The function for returning the value of the red byte is quite straightforward. We simply shift the value of an integer, so that the last byte becomes the first one (the assumption is made, that red byte is the last one inside the as_int member).

Function to set the value of red is a bit more complex though, but we will get through that. What we are doing here is (let’s assume, that current red value is 0xff, we want to change it to 0xaa, and the rest of the colors are 0xbb:

0xff // value returned from red()
0x000000ff // static_cast<uint32_t>
0xff000000 // << 8*3 // it's a value of red32 var

0xffbbbbbb // as_int
0xff000000 // red32
0x00bbbbbb // after xor ^ operation

0xaa // new value, we want red to be
0x000000aa // static_cast<uint32_t>
0xaa000000 // << 8*3

0x00bbbbbb // as int summed with
0xaa000000 // shifted and casted new red value

0xaabbbbbb // result

that’s quite a lot of operations, but finally, we managed to set the oldest byte to the desired value. You might fear, that so many operations are far from being optimal code. But the compiler will manage to handle that. All those operations are compiled into one assembly instruction (with -O2 optimizations):

 strb    r1, [r0, #3]

we can add similar functions for other base colors in color structure, but we will avoid that for brevity.

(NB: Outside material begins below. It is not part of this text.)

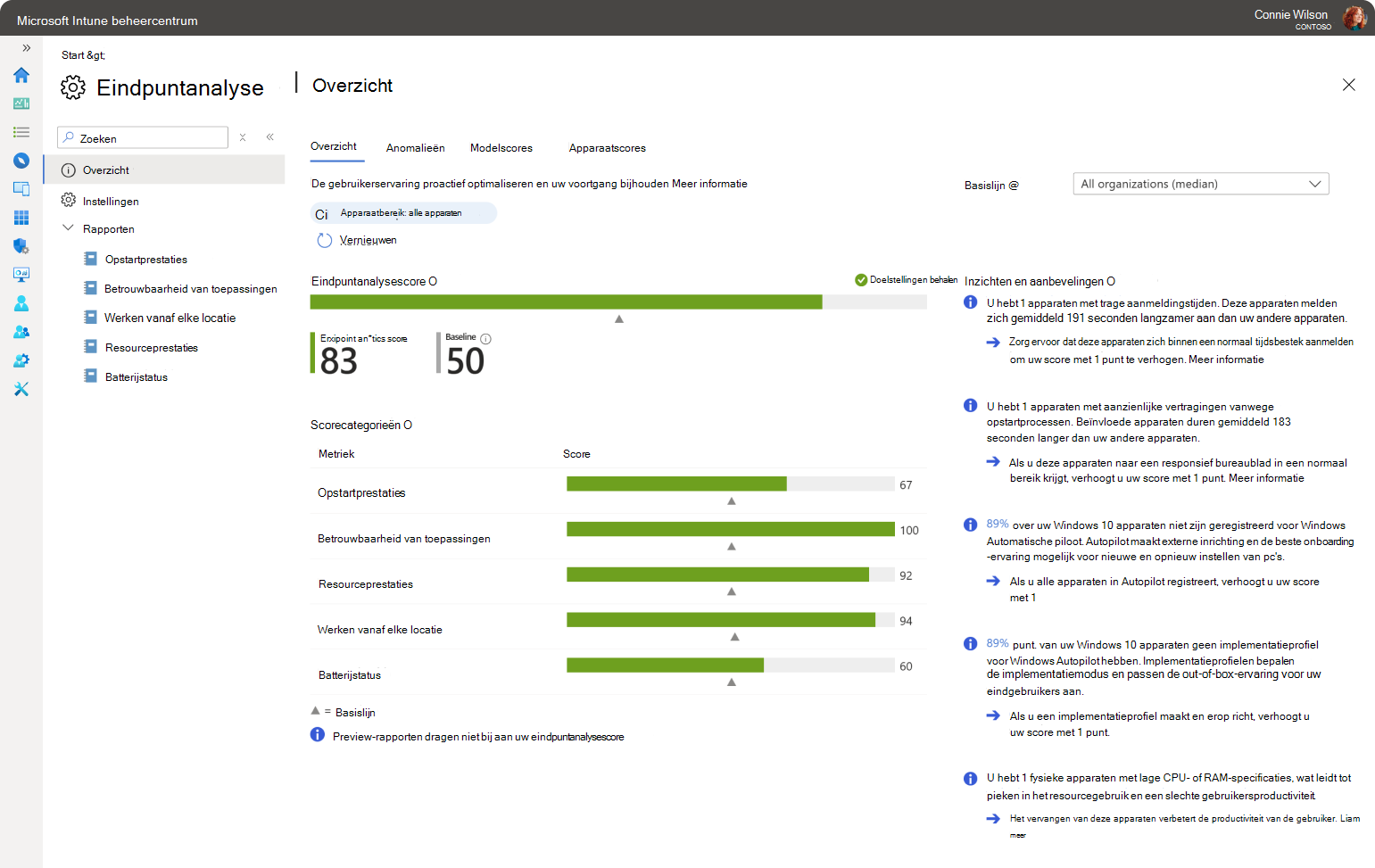 Met eindpuntanalyse kunnen IT-professionals de gebruikerservaring op beheerde apparaten beoordelen en verbeteren. Het biedt gegevensgestuurde inzichten in apparaatprestaties, opstarttijden, app-betrouwbaarheid en batterijstatus, waardoor IT-teams proactief problemen kunnen identificeren en oplossen die van invloed zijn op de productiviteit.

So not only we did avoid undefined behavior, but also we avoided the issue with the endianness of our architecture.

Reading from the stream

We also had an issue with reading from a stream. Namely, we had an issue with the following code:

struct T{
  // ...

T process_element(Stream& s){
  alignas(T) unsigned char buff[sizeof(T)];
  read_stream(s, buff);

  auto* element = reinterpret_cast<T*>(buff);
  return *element;

and also with this one:

struct T{ // POD
  // ...

T process_element(Stream& s){
  alignas(T) char buff[sizeof(T)];
  read_stream(s, buff);

  T* element = new(buff) T;
  return *element;

The solution for that issue is there in the C++ language and is named trivially copyable types.

Assuming, that T is a trivially copyable data type, we have a benefit, that copy of the value of an object of that type is as simple as memcpy or memmove. This means, that we could do the following trick to give our program a defined behavior:

struct T{
  // ...

T process_element(Stream& s){
  alignas(T) unsigned char buff[sizeof(T)];
  read_stream(s, buff);

  T read_element;
  std::memcpy(&read_element, buff, sizeof(T));
  return read_element;

So what we changed here is, instead of doing reinterpret_cast, we created an uninitialized object of type T, we copied some data into that element, giving it a value we wanted to, and at last, we returned this read_element.

Since C++20, we got a function called std::bit_cast what does it do? Basically, it’s the same as what we did in the example above, but encapsulated in the function, which is constexpr. (neither memcpy nor memove is a constexpr function). That’s how usage of this function looks like:

T process_element(Stream& s){
  alignas(T) unsigned char buff[sizeof(T)];
  read_stream(s, buff);
  return std::bit_cast<T>(buff);

In this way, our code gets a bit clearer on the intention. It’s also shorter.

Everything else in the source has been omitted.